[RECORDS PROVIDED Boundary: Start]
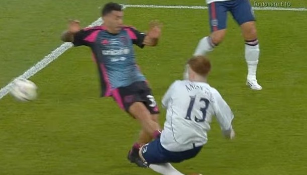 特维斯在慈善赛里被网红凶狠放铲,对方是曼联忠实球迷
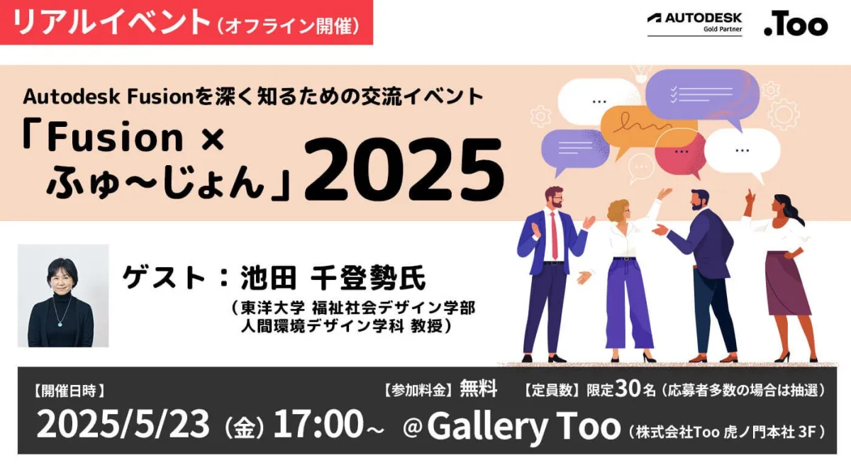 2025年5月23日、東京・虎ノ門にて、「Fusion × ふゅ〜じょん」2025が開催されます。このイベントは、Autodesk Fusionを利用している方やその活用に興味がある方々を対象にした脈々と続く交流の場です。主催するのはクリエイティブ市場の総合商社である株式会社Tooです。
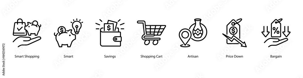 Photos Smart Spending Decisions web banner icon vector illustration featuring Smart Shopping, Smart, Savings, Shopping Cart, Artisan, Price Down, and Bargain
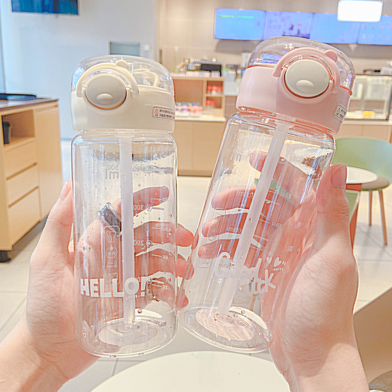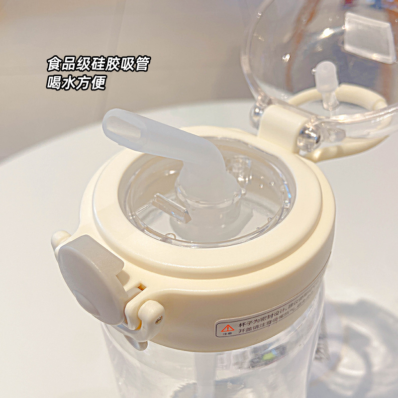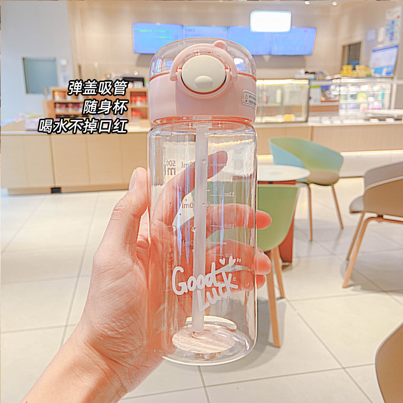 430ML元气熊熊弹盖吸管塑料杯简约清新学生便携杯子
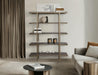 Elevate your space with the modern Onix Bookcase. Designed with clean lines and a sculptural silhouette, it features solid mango wood tops and shelves finished in a rich multi-step cocoa brown lacquer. A striking gold metal frame adds a bold, contemporary touch while providing exceptional stability through mortise-and-tenon construction. With multiple fixed shelves, this bookcase offers generous storage and display space for any room.
[RECORDS PROVIDED Boundary: End]
- TASK -
Write out exactly the lines from the one containing "430ML元气熊熊弹盖吸管塑料杯简约清新学生便携杯子" through the end of the entries, both included. Pictures are not copied.

- EXERCISE SOLUTION -
 430ML元气熊熊弹盖吸管塑料杯简约清新学生便携杯子
 Elevate your space with the modern Onix Bookcase. Designed with clean lines and a sculptural silhouette, it features solid mango wood tops and shelves finished in a rich multi-step cocoa brown lacquer. A striking gold metal frame adds a bold, contemporary touch while providing exceptional stability through mortise-and-tenon construction. With multiple fixed shelves, this bookcase offers generous storage and display space for any room.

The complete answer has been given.